Homework 3

2024-10-20

Interval Estimation

Interval estimation is a range of values used to estimate a population parameter. Unlike point estimation, interval estimation provides a range that is likely to contain the true population parameter with a specified level of confidence.

Key Terms

Point Estimate: A single value estimate of a population parameter (e.g., sample mean).
Confidence Interval (CI): A range of values that is likely to contain the population parameter with a certain level of confidence.
Confidence Level: The proportion of times that the confidence interval would contain the true population parameter if repeated sampling were done.

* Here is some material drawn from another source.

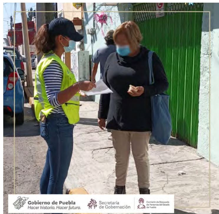
Gobierno de Puebla Hacer historia. Hacer futuro. Secretaría de Gobernación Comisión de Búsqueda de Personas del Estado de Puebla

809 personas desaparecidas 352 eran mujeres 457 hombres

Math Equation: Confidence Interval Formula

The confidence interval for the population mean (when the population standard deviation is unknown) is given by:

\[ CI = \bar{x} \pm t_{\alpha/2, n-1} \cdot \frac{s}{\sqrt{n}} \]

Where: - \(\bar{x}\) is the sample mean. - \(t_{\alpha/2, n-1}\) is the critical value from the t-distribution. - \(s\) is the sample standard deviation. - \(n\) is the sample size.

Math Equation: P-value Calculation

For a one-tailed test, the P-value is calculated as:

\[ P = P(t > t_{observed}) \]

Where \(t_{observed}\) is the observed value of the test statistic.

Example: Confidence Interval Calculation

Let’s compute a 95% confidence interval for a sample mean.

## 
##  One Sample t-test
## 
## data:  data
## t = 36.027, df = 29, p-value < 2.2e-16
## alternative hypothesis: true mean is not equal to 0
## 95 percent confidence interval:
##  60.86573 68.19219
## sample estimates:
## mean of x 
##  64.52896

Plotly Plot: Confidence Interval Visualization

ggplot Example 1: Distribution of Sample Data

We use ggplot2 to visualize the distribution of the sample data.

ggplot Example 2: Confidence Interval for Mean

This plot shows the confidence interval for the sample mean.

Rcode for ggplot Example 1

library(ggplot2)

ggplot(data = data.frame(x=data), aes(x=x)) +

geom_histogram(aes(y=after_stat(density)), binwidth=2, fill=“brown”, alpha=0.5) +

geom_density(color=“grey”, linewidth=1.5) + # Changed size to linewidth

ggtitle(“Distribution of Sample Data”)

Conclusion

Interval estimation provides a range of values that likely contains the true population parameter, giving a measure of reliability to the estimate. Confidence intervals are widely used in research and data analysis to quantify uncertainty.